**Exercise goal**
Would you write out the lines below exactly, from the one containing "কালের কণ্ঠের শেষের" to the very last, but without the pictures?

**Data extract**
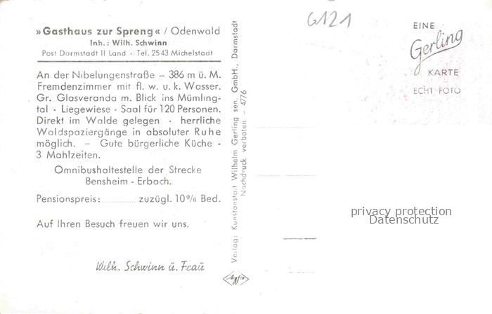 74101564 Michelstadt Odenwald Hessen Gasthaus Zur Spreng Blick ins Muemlingtal postalisch nicht gelaufen Erhaltung siehe scans [WerneD78] KatCode: 11110006437011
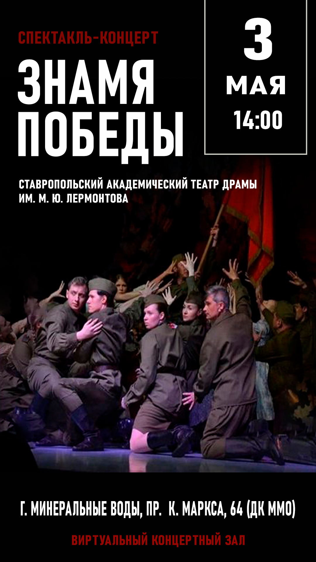 3 мая во Дворце культуры Минераловодского муниципального округа состоится трансляция спектакля-концерта Ставропольского академического театра драмы имени М. Ю. Лермонтова «Знамя Победы». Показ пройдёт в рамках проекта «Виртуальный концертный зал».
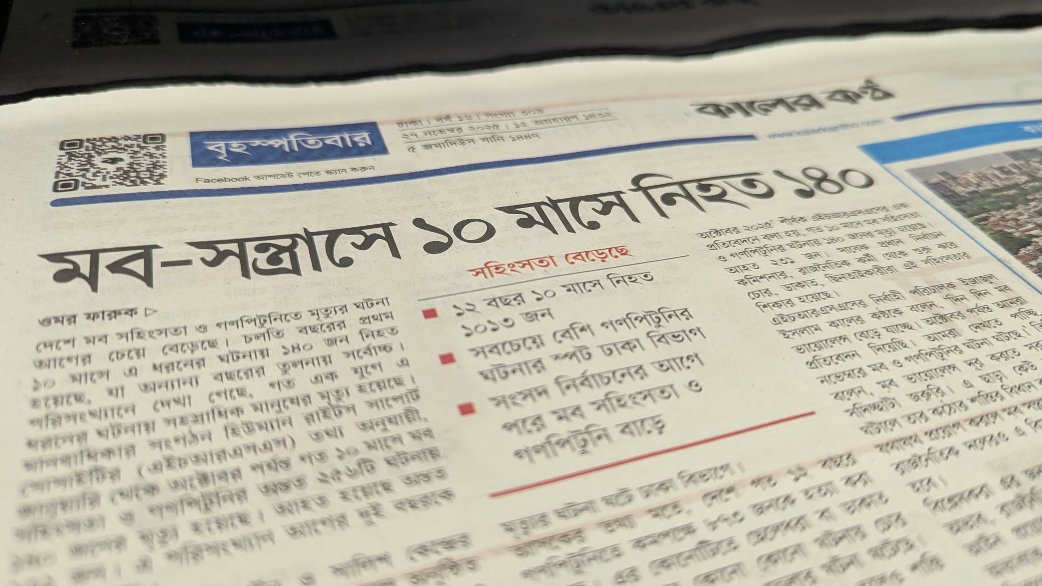 কালের কণ্ঠের শেষের পাতার খবর— ‘মব-সন্ত্রাসে ১০ মাসে নিহত ১৪০’
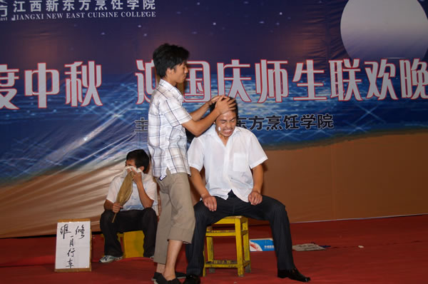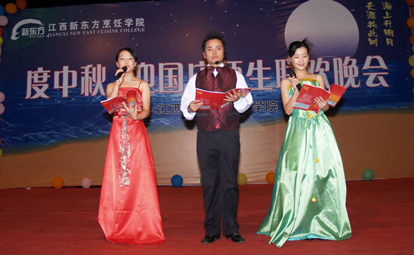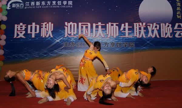 激情飛揚,青春舞動。為了迎接中秋佳節(jié)和國慶節(jié)的到來,9月15日晚,江西新東方烹飪學院校園內(nèi)氣氛熱烈,熱鬧非凡,一場以《迎中秋、慶國慶》為主題的大型師生聯(lián)歡晚會隆重開演,學院張建中院長、張明副院長、姚俊杰主任、胡孝中主任及全體老師也前來觀賞助興并給予了高度評價。
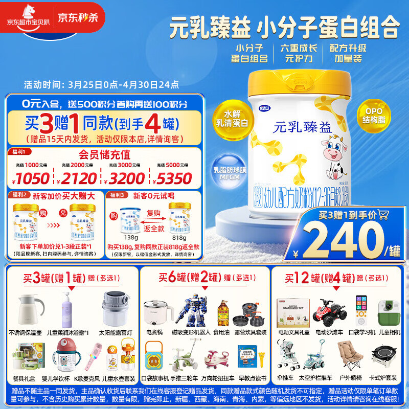 完达山元乳臻益幼儿配方奶粉3段818g(12-36个月)水解乳清蛋白乳脂肪球膜

**Output below**
 কালের কণ্ঠের শেষের পাতার খবর— ‘মব-সন্ত্রাসে ১০ মাসে নিহত ১৪০’
 激情飛揚,青春舞動。為了迎接中秋佳節(jié)和國慶節(jié)的到來,9月15日晚,江西新東方烹飪學院校園內(nèi)氣氛熱烈,熱鬧非凡,一場以《迎中秋、慶國慶》為主題的大型師生聯(lián)歡晚會隆重開演,學院張建中院長、張明副院長、姚俊杰主任、胡孝中主任及全體老師也前來觀賞助興并給予了高度評價。
 完达山元乳臻益幼儿配方奶粉3段818g(12-36个月)水解乳清蛋白乳脂肪球膜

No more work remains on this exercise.